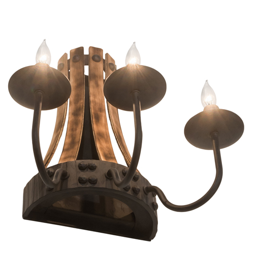 A Hand Hammered metal banded belt finished in Costello Black embellishes this breathtaking wall sconce. The sconce features Metal Staves that are Hand-Painted to look like wooden staves traditionally bound in the construction of beer/whisky barrels and wine casks. Three Complementary faux candlelights with delicate bobeches are embraced by curved arms. Ideal for providing beautiful decorative lighting in lobbies, ballrooms and large spaces in homes, hotels, retailers and other commercial locations. Handcrafted in our 180,000 square foot manufacturing facility in Yorkville, NY. Fixture designs, metal finishes and sconce sizes can be customized to meet your needs. UL and cUL listed for damp and dry locations.
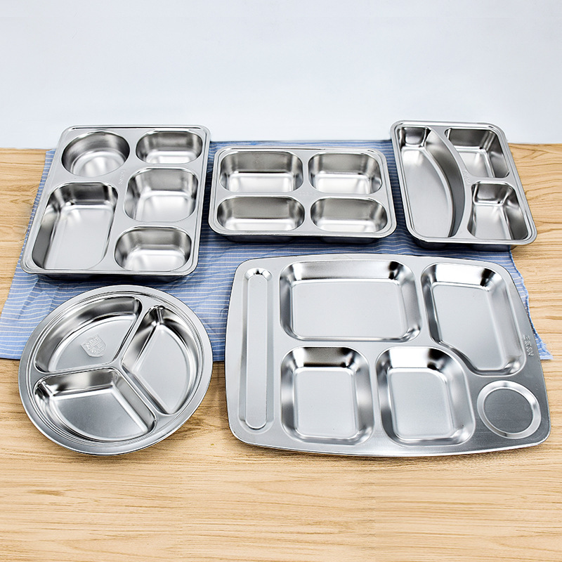 304 不锈钢餐盘方形四格快餐盘儿童成人学生食堂分餐盘分格
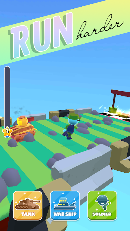 Switch between Soldier, Tank & Warship to get the shortest lap time.
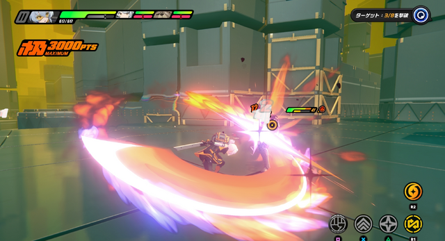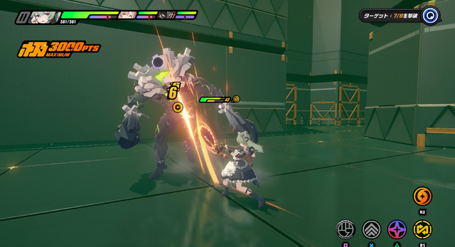 小さな身体で、円状に回転するチェーンソーを振り回すメイドさん。武器が武器なのでザクザク手早く斬るタイプではないものの、姿勢を維持してチェーンソーを多段ヒットさせるのが快感です。連続ヒット自体は簡単な操作で行えるので、隙あらば繰り出したくなる常習性にヤラれました。
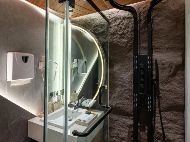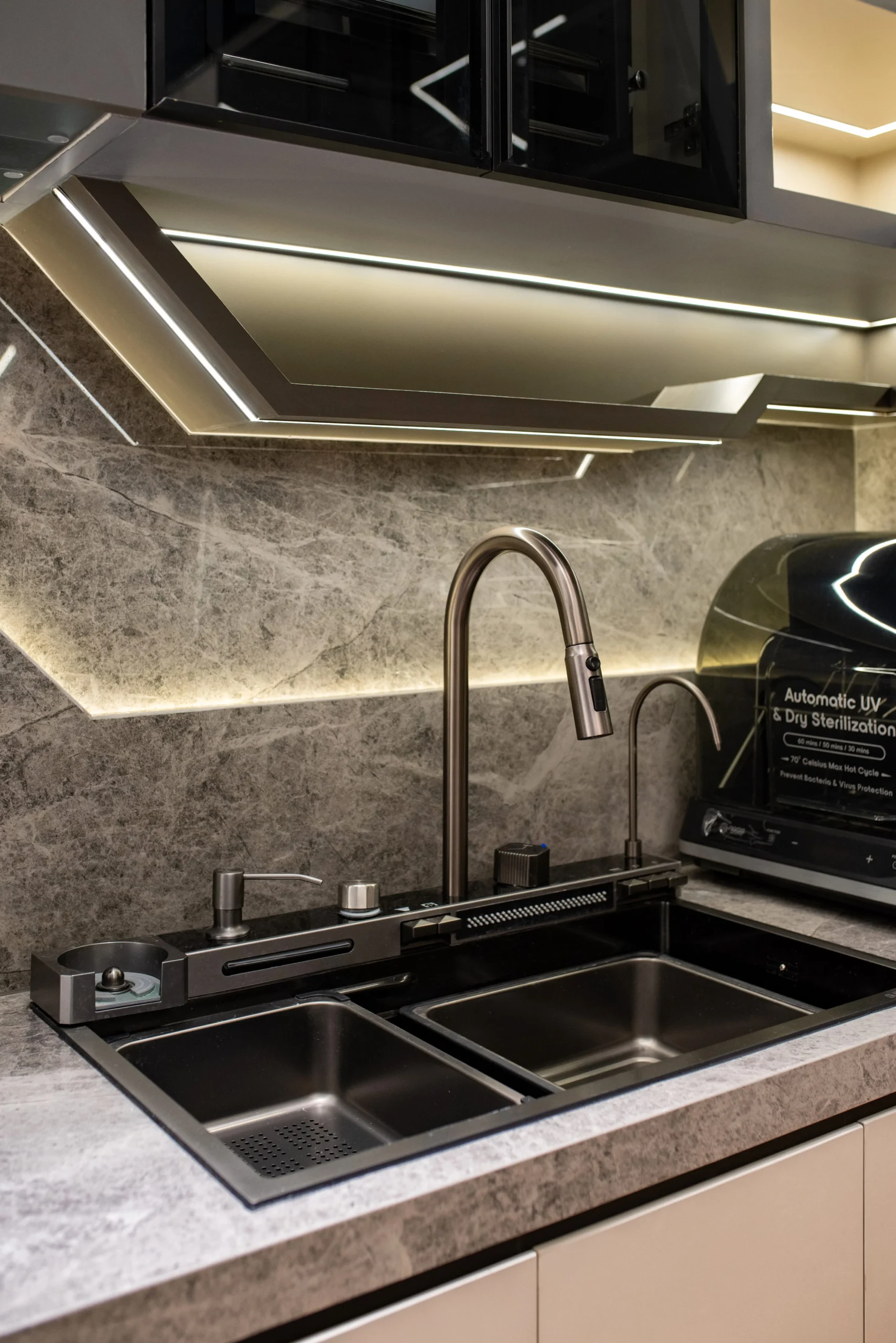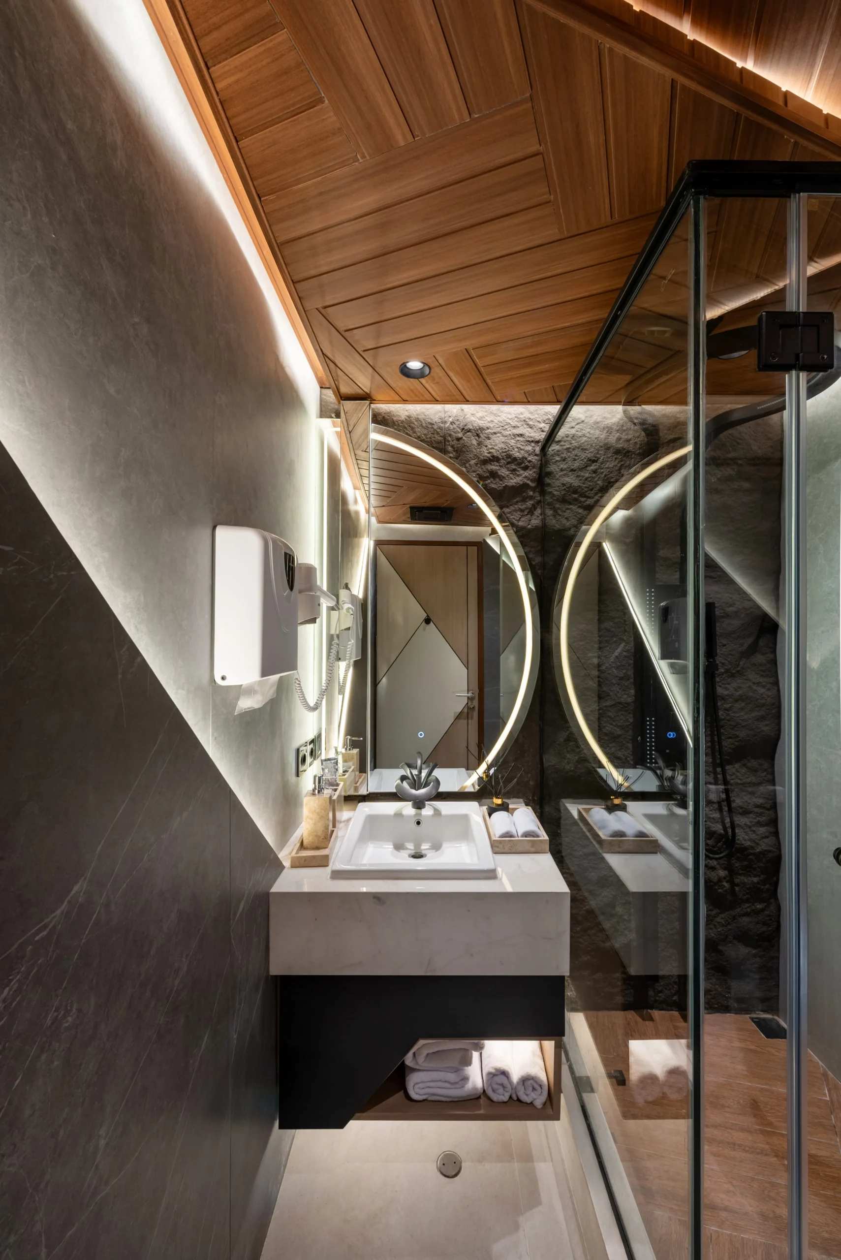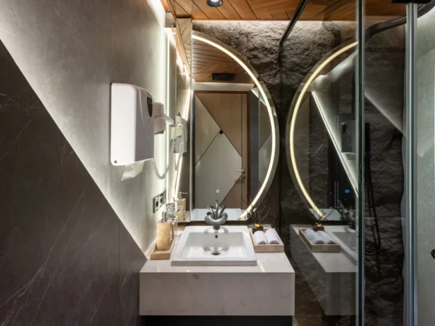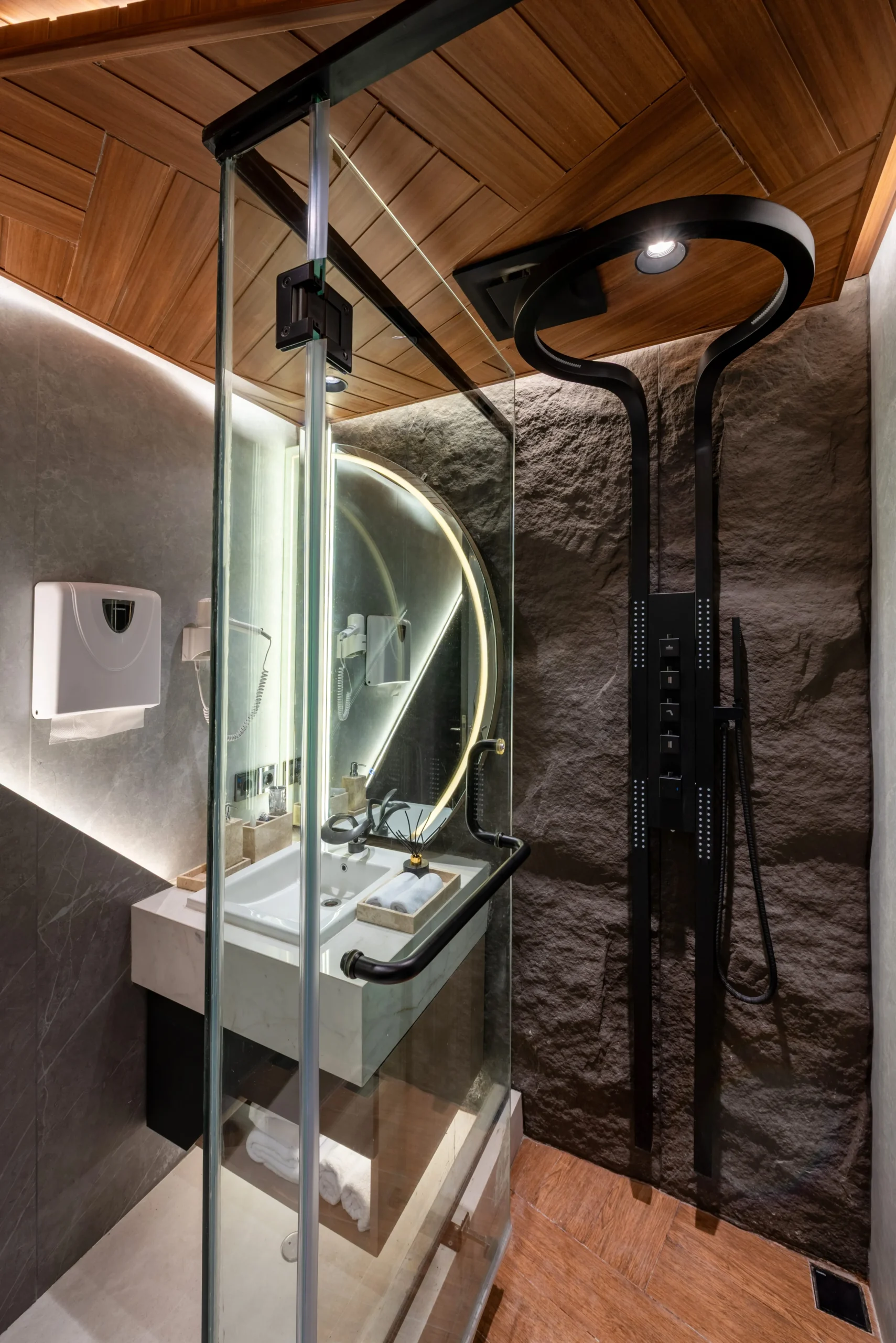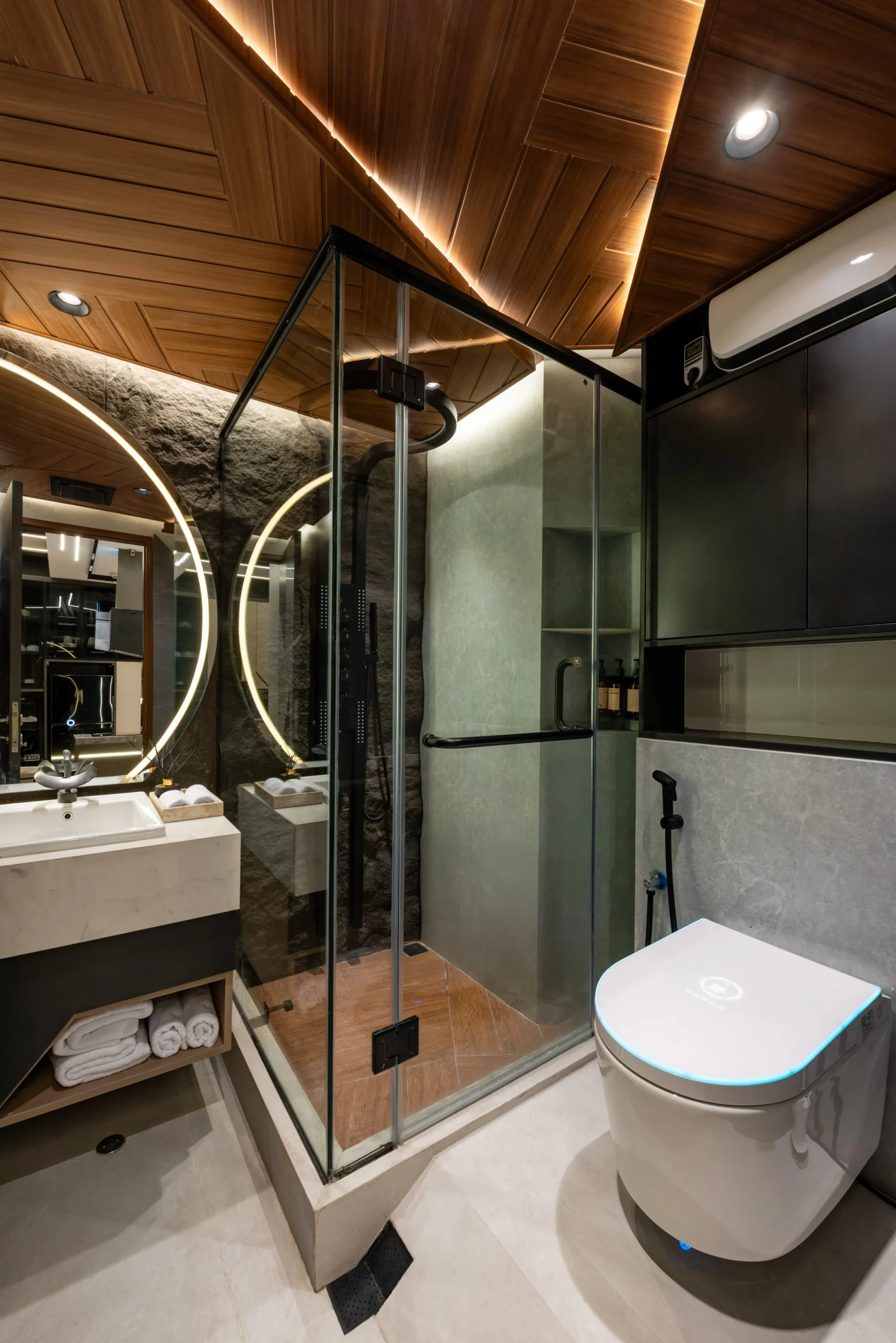Tantangan utama pada proyek ini adalah bagaimana mengeksekusi bentuk-bentuk geometris yang rumit serta mengakomodasi kerumitan instalasi smart-technology tersembunyi, tanpa mengorbankan estetika dan proporsi ruang yang telah dirancang.

• **Required action**: An unchanged copy of the listing, with no pictures, should be returned.

• **Output below**:
 A Hand Hammered metal banded belt finished in Costello Black embellishes this breathtaking wall sconce. The sconce features Metal Staves that are Hand-Painted to look like wooden staves traditionally bound in the construction of beer/whisky barrels and wine casks. Three Complementary faux candlelights with delicate bobeches are embraced by curved arms. Ideal for providing beautiful decorative lighting in lobbies, ballrooms and large spaces in homes, hotels, retailers and other commercial locations. Handcrafted in our 180,000 square foot manufacturing facility in Yorkville, NY. Fixture designs, metal finishes and sconce sizes can be customized to meet your needs. UL and cUL listed for damp and dry locations.
 304 不锈钢餐盘方形四格快餐盘儿童成人学生食堂分餐盘分格
 Switch between Soldier, Tank & Warship to get the shortest lap time.
 小さな身体で、円状に回転するチェーンソーを振り回すメイドさん。武器が武器なのでザクザク手早く斬るタイプではないものの、姿勢を維持してチェーンソーを多段ヒットさせるのが快感です。連続ヒット自体は簡単な操作で行えるので、隙あらば繰り出したくなる常習性にヤラれました。
Tantangan utama pada proyek ini adalah bagaimana mengeksekusi bentuk-bentuk geometris yang rumit serta mengakomodasi kerumitan instalasi smart-technology tersembunyi, tanpa mengorbankan estetika dan proporsi ruang yang telah dirancang.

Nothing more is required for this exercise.